=== Begin Enclosure ===

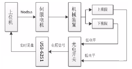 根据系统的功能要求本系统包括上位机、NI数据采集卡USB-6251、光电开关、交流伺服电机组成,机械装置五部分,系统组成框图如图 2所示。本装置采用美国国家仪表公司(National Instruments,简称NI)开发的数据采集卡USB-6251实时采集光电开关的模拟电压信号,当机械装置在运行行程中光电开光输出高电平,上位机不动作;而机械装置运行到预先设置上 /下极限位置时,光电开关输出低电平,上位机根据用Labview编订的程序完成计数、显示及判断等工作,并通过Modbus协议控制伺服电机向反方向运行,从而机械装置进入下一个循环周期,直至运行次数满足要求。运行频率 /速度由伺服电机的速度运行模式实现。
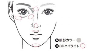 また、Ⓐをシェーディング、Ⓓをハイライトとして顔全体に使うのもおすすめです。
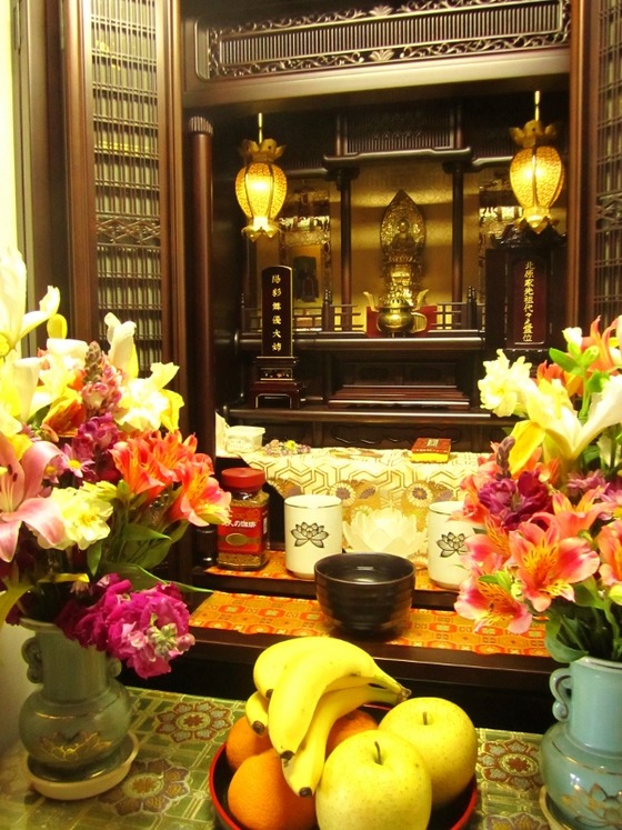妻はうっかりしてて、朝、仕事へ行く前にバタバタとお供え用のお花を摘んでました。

=== End Enclosure ===
=== Begin Enclosure ===

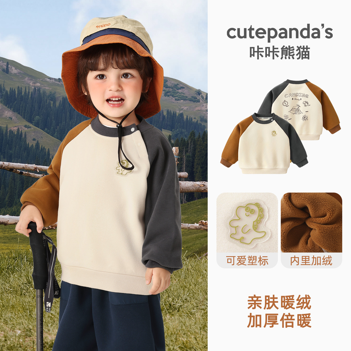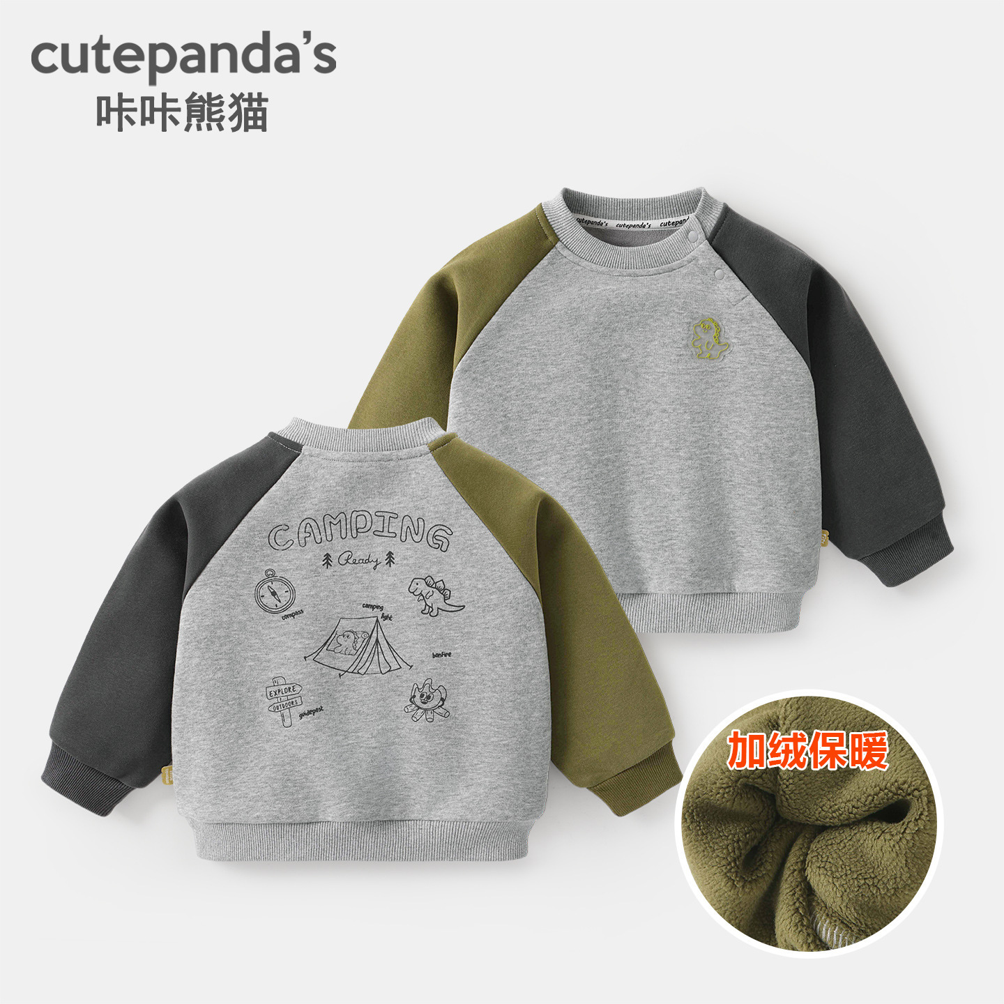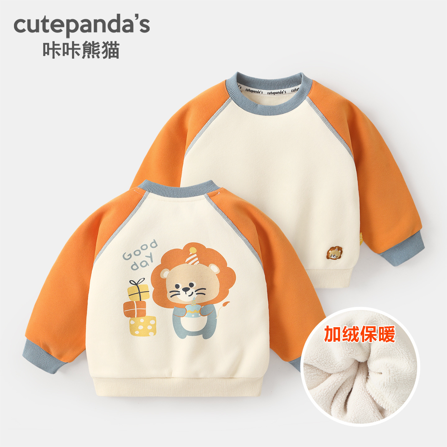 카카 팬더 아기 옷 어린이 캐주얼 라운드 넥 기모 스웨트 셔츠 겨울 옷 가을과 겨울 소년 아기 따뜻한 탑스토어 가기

=== End Enclosure ===

From the line holding "また、Ⓐをシェーディング、Ⓓをハイライトとして顔全体に使うのもおすすめです。" to the line holding "妻はうっかりしてて、朝、仕事へ行く前にバタバタとお供え用のお花を摘んでました。", both included, retype the entries above exactly and drop the pictures.

• Written solution:
 また、Ⓐをシェーディング、Ⓓをハイライトとして顔全体に使うのもおすすめです。
妻はうっかりしてて、朝、仕事へ行く前にバタバタとお供え用のお花を摘んでました。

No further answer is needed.